Mette L Harving1, Lise H Christensen, Merete Ringsholt, Gunnar S Lausten, Michael M Petersen.   

Abstract

BACKGROUND AND
PURPOSE: YKL-40 is a glycoprotein that is expressed in many types of cancer cells. In some cancers, there is a correlation between high serum YKL-40 levels on the one hand and more aggressive disease and early death on the other. YKL-40 has never been studied in patients with soft-tissue sarcomas (STSs). We investigated whether YKL-40 is expressed in STS tissue and ascertained that the degree of expression is related to survival and/or the histological grade of the malignancy (FNCLCC). PATIENTS AND METHODS: We included archived tissue from 49 patients (40 with STS and 9 with atypical lipomatous tumor, 20 female and 29 male, mean age 58 (4-89) years) who were treated with tumor resection in 2004 or 2005 at the Department of Orthopedics, Rigshospitalet. The minimum length of follow-up with respect to survival was 5-7 years. Immunohistochemical analysis with anti-YKL-40 antibody using tissue microarray was performed on resected tumors, and a semiquantitative measure of the intensity of YKL-40 staining was performed.

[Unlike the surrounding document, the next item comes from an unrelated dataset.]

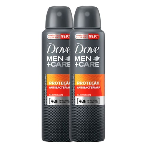 DESODORANTE DOVE MEN + CARE ANTIBAC AEROSOL • Tecnologia Antibac de combate ao mau cheiro e bactérias. • Potente contra o suor, sem irritar sua pele. • Desodorante dermatologicamente testado. • 48 horas de proteção contra odor e suor. • Tecnologia com ¼ de creme hidratante que fortalece a pele contra irritação. • Desodorante sem álcool. Com a exclusiva tecnologia Antibac que combate o mau cheiro, o Antitranspirante Dove Men+Care Aerosol Antibac proporciona proteção de 48 horas contra o suor e contra o mau odor. O que faz de um antitranspirante o aliado perfeito para o dia a dia? Para nós, é a união entre potência e delicadeza. É por isso que a linha de antitranspirantes Dove Men+Care combina uma avançada fórmula, que contém ¼ de creme hidratante, com ingredientes que ajudam a proteger a pele, reduzindo o risco de irritações. Desodorante sem álcool. Disponível em roll-on e aerossol, Dove Men+Care tem o que você precisa para se sentir sempre seguro e com uma agradável sensação de frescor que dura o dia inteiro. Dove Men+Care celebra uma nova definição de força masculina, em que o cuidado com o bem-estar do seu corpo é o centro de tudo. É por isso que Dove oferece a você uma linha completa de produtos, de antitranspirantes a tratamentos para os cabelos, desenvolvida com poderosos ingredientes pensados em cada uma das suas necessidades. O resultado é proteção e cuidado completos e duradouros. Experimente os desodorantes, sabonetes, shampoos, condicionadores e cremes para pentear de Dove Men+Care e conheça um novo jeito de se cuidar. Dove Men+Care celebra uma nova definição de força masculina, em que o cuidado com o bem-estar do seu corpo é o centro de tudo.
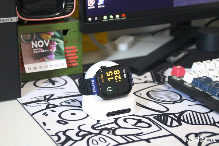 充电仓使用起来也非常方便,手表只需轻轻一放,就能进行无线充电;给备用电池充电时,直接把电池放入充电仓对应的位置就行 。而且,它还有小夜灯功能,在晚上光线较暗的时候,打开小夜灯,既能照明,又充满了温馨的氛围 。不管是放在宿舍的床头,还是家里的书桌上,都非常实用 。

RESULTS: 41 of the 49 tumors were positive for YKL-40, and of these, 36 had moderate to intense staining. 24 of the patients died within the follow-up period, and the intensity of YKL-40 staining was significantly higher in tumors from patients who had died in the follow-up period than in tumors from those who survived (p = 0.01). The staining intensity was different for the 3 grades of malignancy (p = 0.004): it was higher in highly malignant tumors (FNCLCC grade 2 and grade 3) than in low-malignancy tumors (grade 1).
INTERPRETATION: YKL-40 is expressed in soft-tissue sarcomas. There is a correlation between expression of YKL-40 in STS and both histological grade of the malignancy and survival. Whether or not YKL-40 expression is an independent prognostic variable could not be determined in the present study.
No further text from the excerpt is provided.